Purpose : Silica nanoparticles (SiNPs) are a promising drug-carrier in glaucoma treatment. Before introducing the SiNPs as a drug-carrier, the toxicity evaluation of SiNPs on ocular tissues is essential. We evaluated the effect of various sizes of nonporous SiNPs on human trabecular meshwork (TM) cells.

Methods : Three different sizes of SiNPs (50, 100, and 150 nm) were manufactured. The immortalized human primary TM cells were exposed to different concentrations (0, 10, 25, 50, 100 µg/ml) of SiNPs for up to 48 hours. Cellular viability, lactate dehydrogenase (LDH) assay, intracellular reactive oxygen species (ROS) generation, autophagy and mammalian target of rapamycin (mTOR) pathway activation were evaluated. Intracellular distribution of SiNPs was evaluated with transmission electron microscopy (TEM).

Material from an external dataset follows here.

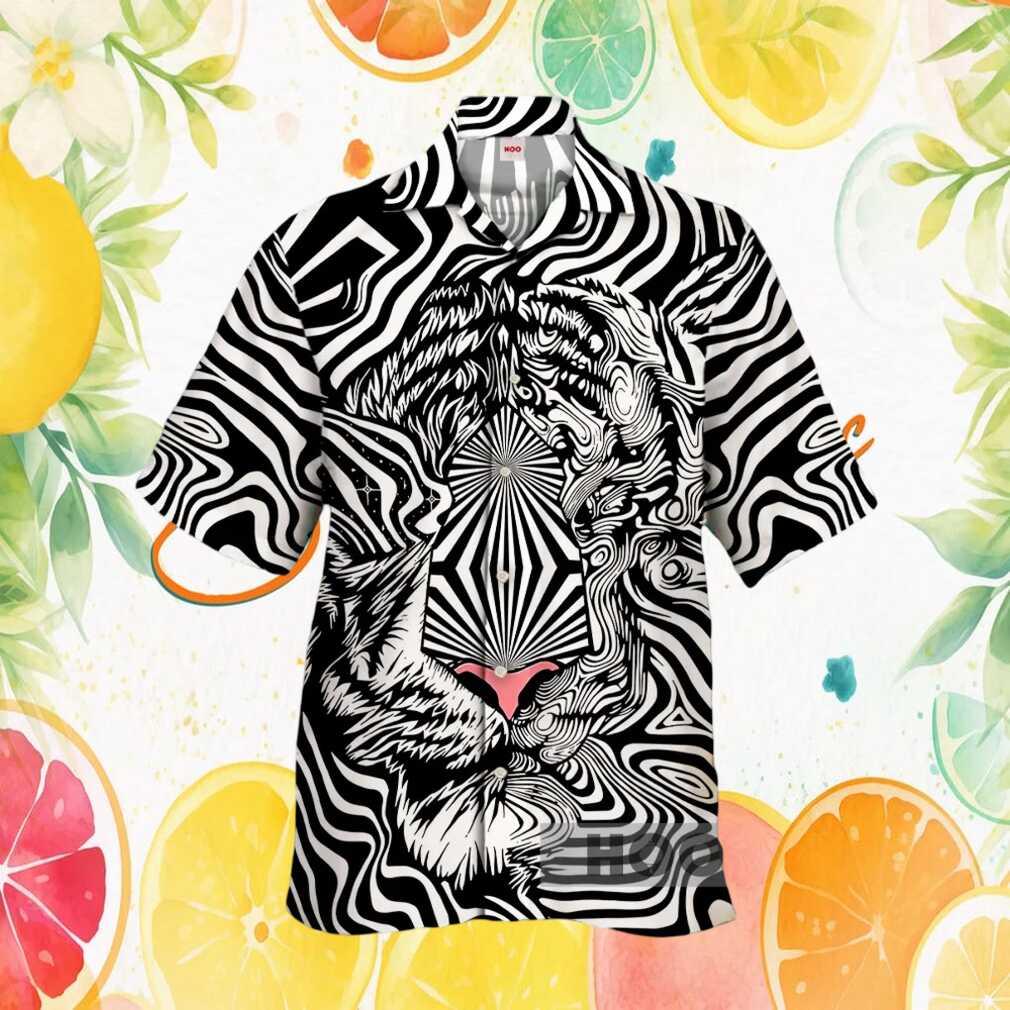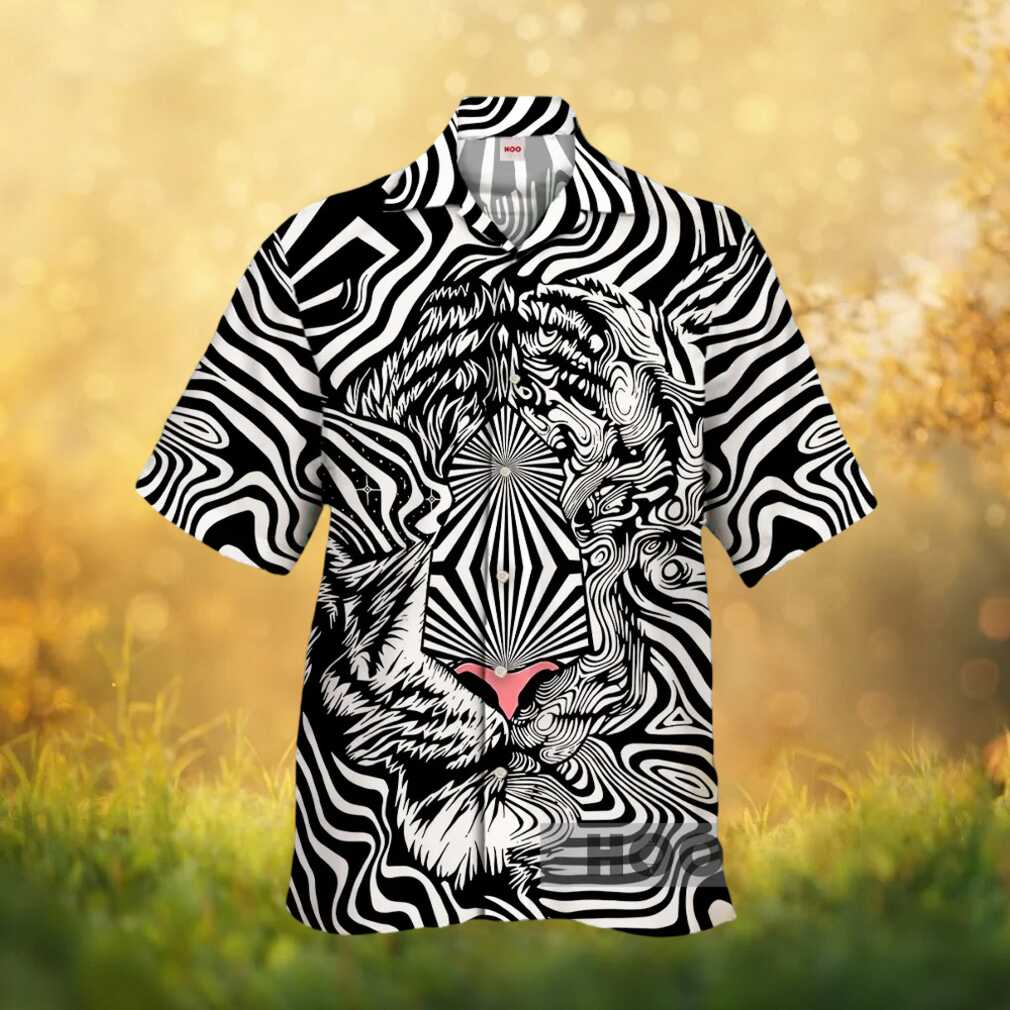 ()Optical Illusion Abstract Tiger Face Black & White Hawaiian Shirt, Treat yourself or make a great gift for your loved ones

In vivo rabbit TM cell toxicity assay was performed by intracemeral injection of SiNP solution (0.05 ml) of each size of SiNPs (200 μg/mL).

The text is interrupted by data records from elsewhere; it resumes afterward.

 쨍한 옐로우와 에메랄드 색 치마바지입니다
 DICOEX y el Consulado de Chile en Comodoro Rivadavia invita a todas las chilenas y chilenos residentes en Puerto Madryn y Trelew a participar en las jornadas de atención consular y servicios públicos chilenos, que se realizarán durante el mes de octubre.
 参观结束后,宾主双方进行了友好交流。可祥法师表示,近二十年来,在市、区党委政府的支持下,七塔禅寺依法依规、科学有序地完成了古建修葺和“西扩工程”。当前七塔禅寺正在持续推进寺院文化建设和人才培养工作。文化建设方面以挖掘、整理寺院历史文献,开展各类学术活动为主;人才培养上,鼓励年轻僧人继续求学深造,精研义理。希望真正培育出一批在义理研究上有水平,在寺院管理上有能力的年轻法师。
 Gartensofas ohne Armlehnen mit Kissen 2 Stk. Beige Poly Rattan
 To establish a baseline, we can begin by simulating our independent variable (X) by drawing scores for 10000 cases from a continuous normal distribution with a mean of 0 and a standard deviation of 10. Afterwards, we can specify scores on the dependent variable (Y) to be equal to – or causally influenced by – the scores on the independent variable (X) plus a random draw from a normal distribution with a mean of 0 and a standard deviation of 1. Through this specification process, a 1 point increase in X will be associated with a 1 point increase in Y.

Results : The SiNPs did not affect viability and LDH levels significantly. Each three size of SiNPs increased intracellular ROS levels of TM cells dose dependently, however there was no statistical significance. TEM revealed that SiNPs were localized mainly in cytoplasm around the nucleus within autophagic vacuoles. Autophagy showed significant activation and phosphorylated mTOR increased with 50, 100 and 150 nm SiNPs. The histopathologic structure of TM tissue was well maintained, and no significant difference was found in treated rabbit eyes.

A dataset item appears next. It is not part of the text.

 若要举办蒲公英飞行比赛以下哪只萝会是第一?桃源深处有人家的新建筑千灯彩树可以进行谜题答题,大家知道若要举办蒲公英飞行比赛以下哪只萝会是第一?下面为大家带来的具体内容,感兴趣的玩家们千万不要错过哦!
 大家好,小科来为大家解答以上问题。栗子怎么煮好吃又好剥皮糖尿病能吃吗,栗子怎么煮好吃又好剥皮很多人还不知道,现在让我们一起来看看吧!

Conclusions : The SiNPs did not induce significant cytotoxicity in TM cells at concentrations up to 100 µg/ml. In vivo study, TM tissue showed no abnormality in morphologic and histopathologic assay. The SiNPs could be promising drug-carriers for glaucoma treatment.

This is an abstract that was submitted for the 2018 ARVO Annual Meeting, held in Honolulu, Hawaii, April 29 - May 3, 2018.